Bei der Kindernachversicherung „erbt“ das Kind quasi den Versicherungsschutz eines Elternteils. Das heißt: es wird zu genau den gleichen Bedingungen versichert, wie der betreffende Elternteil. Darauf besteht sogar ein gesetzlicher Anspruch. Rechtsgrundlage bildet § 198 VVG (Versicherungsvertragsgesetz).
Der besondere Vorteil:
Für den Versicherer besteht der sogenannte Kontrahierungszwang. Sind beide Elternteile bei unterschiedlichen Anbietern privat versichert, können sie wählen, wo die Kindernachversicherung genutzt wird. Befindet sich nur ein Elternteil im privaten System, erübrigt sich die Entscheidung.
Aufgrund des Wegfalls von Wartezeiten hat dein Kind Versicherungsschutz von Geburt an. Weil es keine Gesundheitsprüfung gibt, sind auch Kinder sofort versichert, wenn sie mit gesundheitlichen Problemen zur Welt kommen oder im wahrsten Sinne des Wortes „eine schwere Geburt“ hatten.
Die Regelungen zur Kindernachversicherung garantieren einen uneingeschränkten Versicherungsschutz ohne Risikozuschläge, der sonst schwer zu erhalten wäre.
Die Kindernachversicherung findet nicht automatisch statt, sondern muss extra angemeldet werden.

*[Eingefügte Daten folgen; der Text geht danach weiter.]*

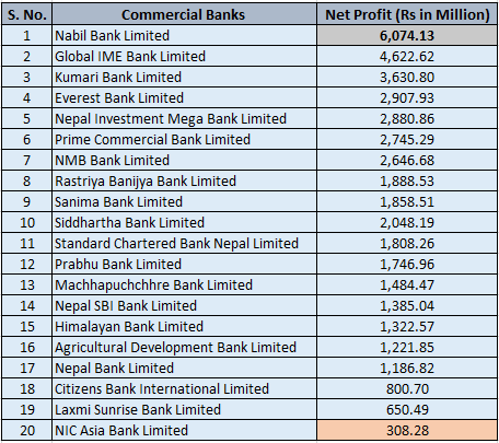 प्रतिवेदनअनुसार वाणिज्य बैंकहरूको सामूहिक खुद नाफा रु. ४३ अर्ब २१ करोड पुगेको छ। यस अवधिमा Nabil Bank Limitedले रु. ६ अर्ब ७ करोड खुद नाफा कमाउँदै अग्रस्थान कायम गरेको छ। त्यसैगरी Global IME Bank Limited रु. ४ अर्ब ६२ करोड नाफासहित दोस्रो स्थानमा रहेको छ।

Eltern haben dazu laut VVG bis zu zwei Monate nach der Geburt ihres Kindes Zeit. Die Versicherung erfolgt dann rückwirkend zum Tag der Geburt. Der Nachversicherungsanspruch gilt allerdings nur in gleicher Form (also nicht besser oder höherwertiger) wie der Vertrag des Elternteils.
Die Kindernachversicherung gilt auch für Zusatzversicherungen wie z.B. eine Pflegeversicherung oder eine stationäre Krankenzusatzversicherung!